«КТО ПЕРЕВЕЛ ЧАСЫ НАЗАД?» — это еще одно произведение, которое я особенно жажду. Бедный Гидеон Форсайт! С ним ужасно обошлись, как рассказывает Стивенсон, в деле с тем грандиозным, но жутким пианино; и я всегда надеялся, что, возможно, в конце концов, в качестве своего рода компенсации, Судьба распорядилась, чтобы роман, который он написал анонимно, был спасен от забвения и признан проницательными критиками совсем не плохим.
«Он никогда не признавал его, или только некоторым близким друзьям, пока он был еще в корректуре; после его появления и тревожного провала скромность автора стала более настойчивой, и секрет теперь, вероятно, будет храниться лучше, чем секрет авторства «Уэверли».
Такое унижение, как у Гидеона, тем более остро для меня, потому что оно так редко встречается в английской художественной литературе. В девяти случаях из десяти книга внутри книги — это немедленный, огромный успех.
В целом, наши романисты всегда были склонны к оптимизму — особенно те, кто писал в основном, чтобы угодить своей публике. Публике нравится читать о любом виде успеха. Чем больше, внезапнее и насильственнее успех, тем он ценнее как ингредиент в романе. И поскольку средний романист всегда живет мечтой, что одно из его произведений каким-то образом «выстрелит», как ни одно другое произведение еще не выстреливало, очень естественно, что он с любовью пытается тем временем реализовать эту мечту для себя, косвенно, через то или иное создание своей фантазии.
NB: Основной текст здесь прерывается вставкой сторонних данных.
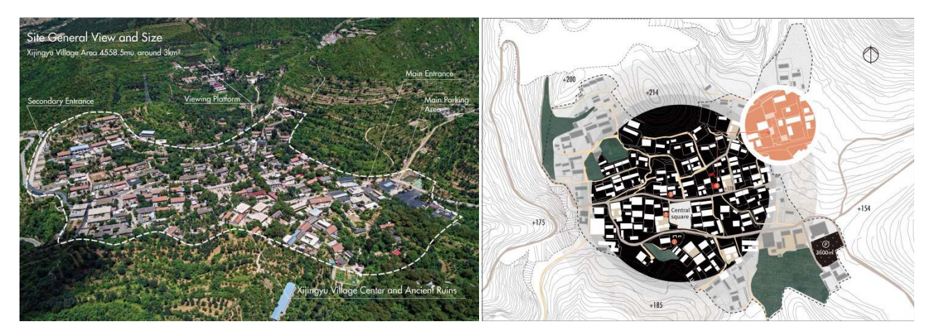
Fig.1 (a) Site General View and Size; (B) a Map Shows the Geographic General Situation of the Research Area.

Правда, он обычно слишком самосознателен, чтобы позволить этому созданию достичь своей внезапной славы и бесконечного состояния через роман. Обычно это пьеса, которая делает трюк. В викторианское время это была почти всегда книга стихов. О, просторные дни Теннисона и Суинберна! В скольких трехтомных романах упоминается какой-нибудь «тонкий октаво», который кажется, по данному описанию, таким же захватывающим, как «Стихи и баллады», не будучи менее приемлемым, чем «Идиллии короля»! Эти стихи были всегда анонимной работой какого-нибудь очень молодого, очень бедного человека, который полагал, что они родились мертвыми из печати, пока однажды, через неделю или около того после публикации, когда он шел «угрюмо» и «в глубокой задумчивости» вдоль Стрэнда, потеряв всякую надежду теперь, что когда-нибудь будет в состоянии просить Хильду стать его женой, друг не окликнул его — «Видел «Тандерер» сегодня утром? Черт возьми, там колоночная рецензия на новую книгу стихов» и т. д. В каком-то трехтомном романе, который я однажды читал в курортном месте, одолжив его в маленькой библиотеке, был молодой поэт, чей внезапный прыжок в первые ряды всегда оставлял особый след в моем воображении. Название самого романа я не могу вспомнить; но я помню имя молодого поэта — Эйлмер Дин; и навсегда незабываемое название его книги стихов было «ПОМЕНТЫ: БУДУЧИ СТИХАМИ НАСТРОЕНИЯ И МОМЕНТА». Что бы я не отдал, чтобы обладать экземпляром этой работы?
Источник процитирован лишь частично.